The schizophrenic Tyler Cowen

Though I am not exactly a member of the “Austrian school of economics,” I would consider myself somewhat of a fellow traveler and a confidant advocate of the “Austrian” Business Cycle Theory - save a few eclectic, though minor, variations.

That being said, however, I have not really been so much of an “Austrian” that I would dismiss some of the critiques of the theory outright - that was until one proponent of the rational expectations side of the critique let his hand down in contradiction.

On his blog, Tyler Cowen recently wrote,

Forget about particular details for a moment, in conceptual terms what led so many financial institutions to take so much excess risk? Bob Frank addresses that question and here is my list of major factors:

1. Collective stupidity: A lot of Greeks believed in Zeus and a lot of people in 1938 thought Hitler would be good for Germany. They were just plain, flat out wrong. I’ll also put “model error” under this heading. The relevant stupidity concerned both the fate of home prices and the degree of acceptable leverage.

Now, the question of whether or not businessmen would be “dumb enough” to let their reason slide in a collective fervor is an intriguing point and not one that should necessarily be completely disregarded without some thought.
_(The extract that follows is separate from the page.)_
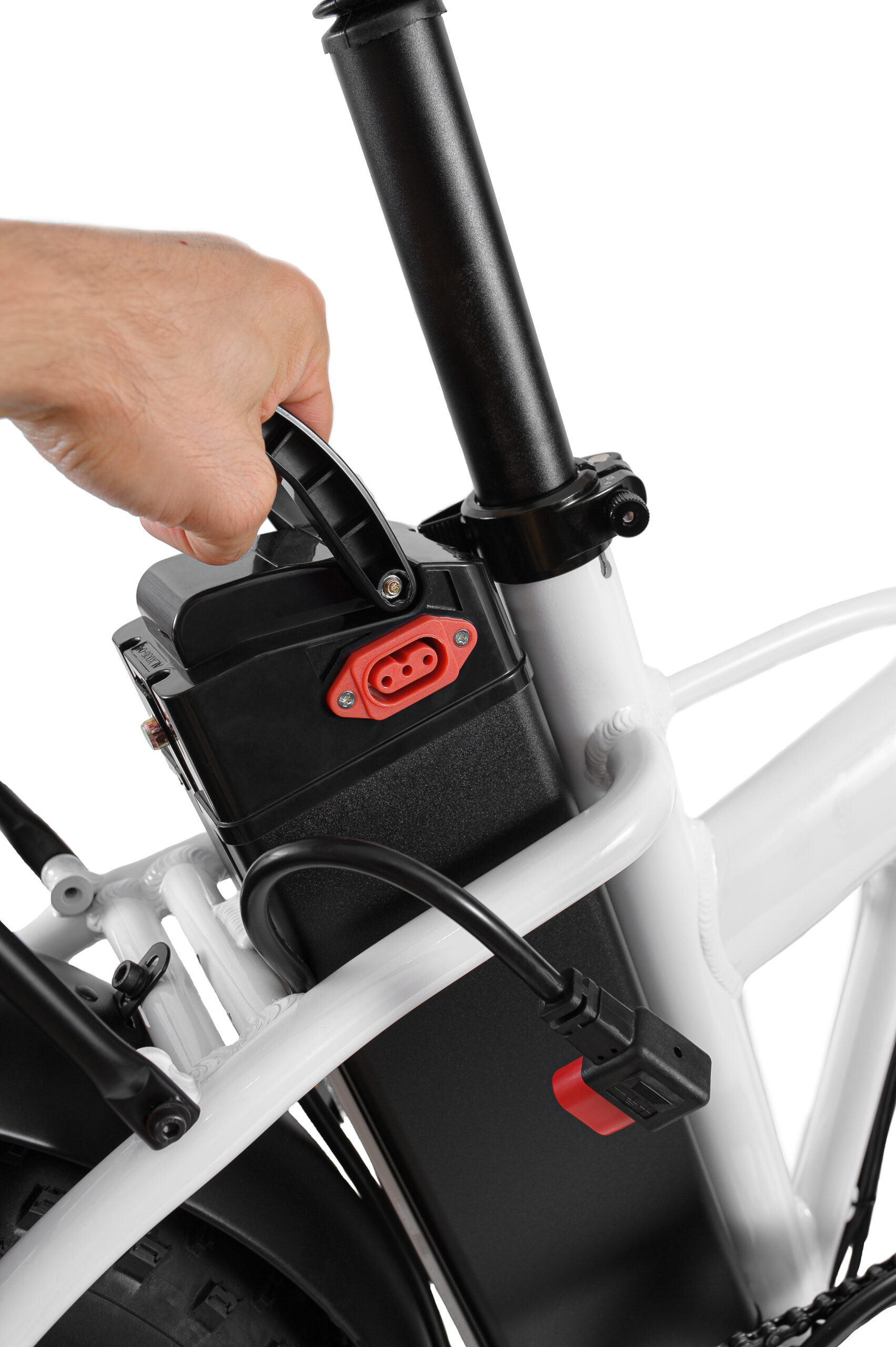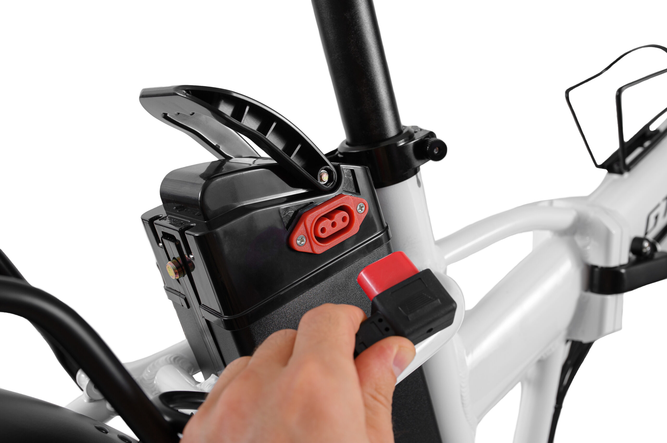 Бокс с аккумуляторами размещён за сиденьем и запирается на замок. Это обеспечивает правильную развесовку, защиту батареи от повреждения и кражи. Аккумуляторная батарея легко снимается для зарядки отдельно от велосипеда, или в качестве дополнительной меры предосторожности. Литий ионные аккумуляторные батареи обычно служат примерно 5 – 6 лет, а редукторные мотор колёса при правильной эксплуатации – больше 10 лет.

That being said, however, it is interesting that Cowen would come up with this specific point to reveal the origins of the current financial crisis in the US markets - especially considering that his main point of contention with the “Austrian” Business Cycle Theory remains that businessmen are not dumb enough to be confused by some of the suspicious and esoteric actions the central bank partakes in.

Holding up his own brand of rational expectations, claiming that his opponents are merely “postulating a very thin skull for markets and then blaming government for the disaster which results from government’s glancing blow to that skull,” Cowen’s critique of the Austrians seems strikingly similar to what he assumes of markets today - that, to be frank, people in the market can just be stupid sometimes.

What gives? I can understand being incapable of answering some of the questions about why the central bank’s secrets and methods are so easy to discern and preempt in the market - for the fact remains that they are not - but blatant inconsistencies like this seem too much to justify.